Stored data:
_ _ _ _ _ _ _

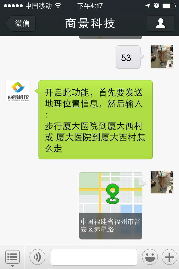 開啟此功能,首先要發(fā)送地理位置信息,然后輸入: 步行廈大醫(yī)院到廈大西村 或 廈大醫(yī)院到廈大西村怎么走
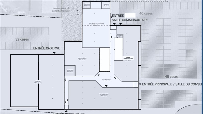 L'édifice sera divisé en cinq sections pour accueillir l’hôtel de ville, la bibliothèque Madeleine-Doyon, la caserne de sécurité incendie, une salle multifonctionnelle et des locaux et espaces pour les organismes du milieu.
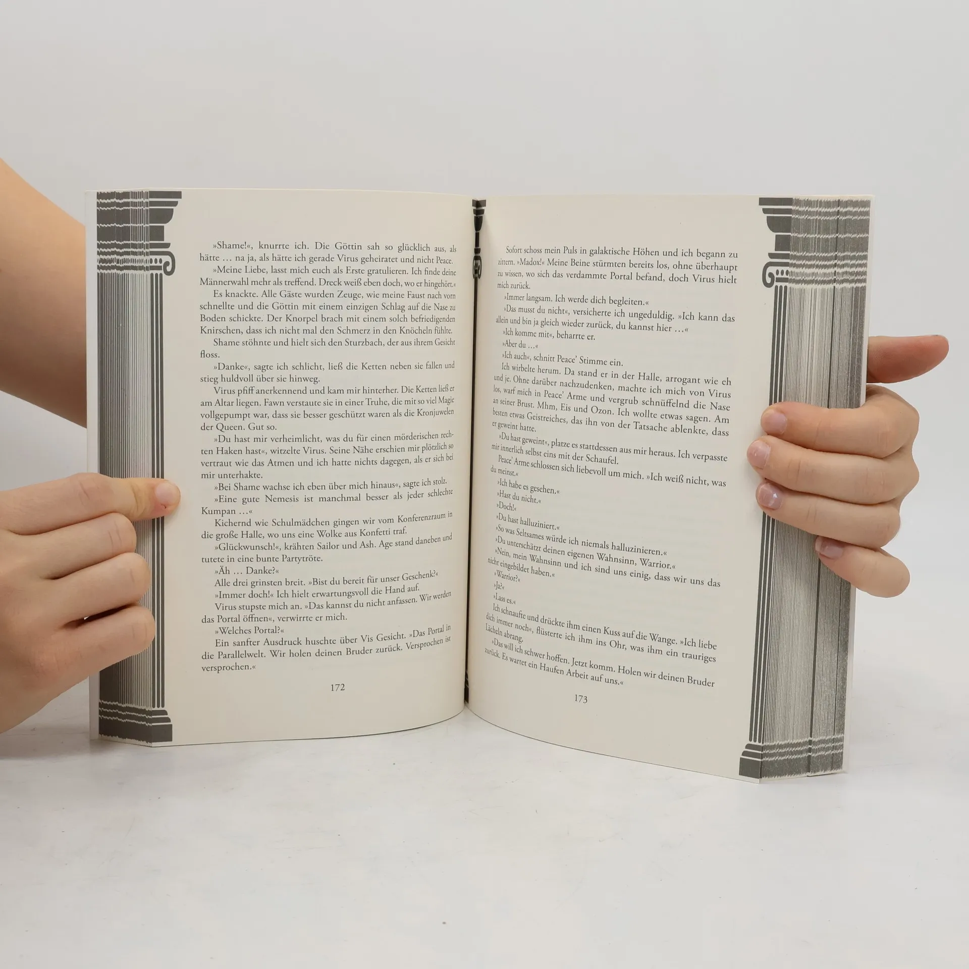 Es gibt fünf Dinge, die du wissen solltest, bevor du dieses Buch liest: 1. Mein Name ist Warrior Pandemos und seit Neuestem bin ich eine Chaos-Göttin. 2. Leider habe ich noch nicht herausgefunden, wie ich diesen Job kündigen kann. 3. Bei unserer hirnrissigen Mission, die griechischen Götter aus dem Olymp werfen zu wollen, haben wir nicht nur versagt, uns wurde sprichwörtlich der Arsch aufgerissen. 4. Weil das Schicksal eine miese Bitch ist, wurde ich auch noch von einem Gott gekidnappt. Sein Name ist Virus (Sohn der Nemesis / grüne Haare / sarkastischer Idiot / schizophren…) 5. Er will Peaces Platz als Gottvater in der Elite streitig machen und bietet mir dafür einen Deal an: Er holt jemanden für mich von den Toten zurück, wenn ich ihn heirate. Und ich? Ich weiß verdammt nochmal nicht, was ich tun soll. Die Fortsetzung von „Warrior & Peace - Göttliches Blut“ Band 1: Warrior & Peace - Göttliches Blut Band 2: Warrior & Peace - Göttlicher Zorn

_ _ _ _ _ _ _

Write out, exactly, the lines of the material from the very first through the line containing "L'édifice sera divisé", and leave out every picture.

 開啟此功能,首先要發(fā)送地理位置信息,然后輸入: 步行廈大醫(yī)院到廈大西村 或 廈大醫(yī)院到廈大西村怎么走
 L'édifice sera divisé en cinq sections pour accueillir l’hôtel de ville, la bibliothèque Madeleine-Doyon, la caserne de sécurité incendie, une salle multifonctionnelle et des locaux et espaces pour les organismes du milieu.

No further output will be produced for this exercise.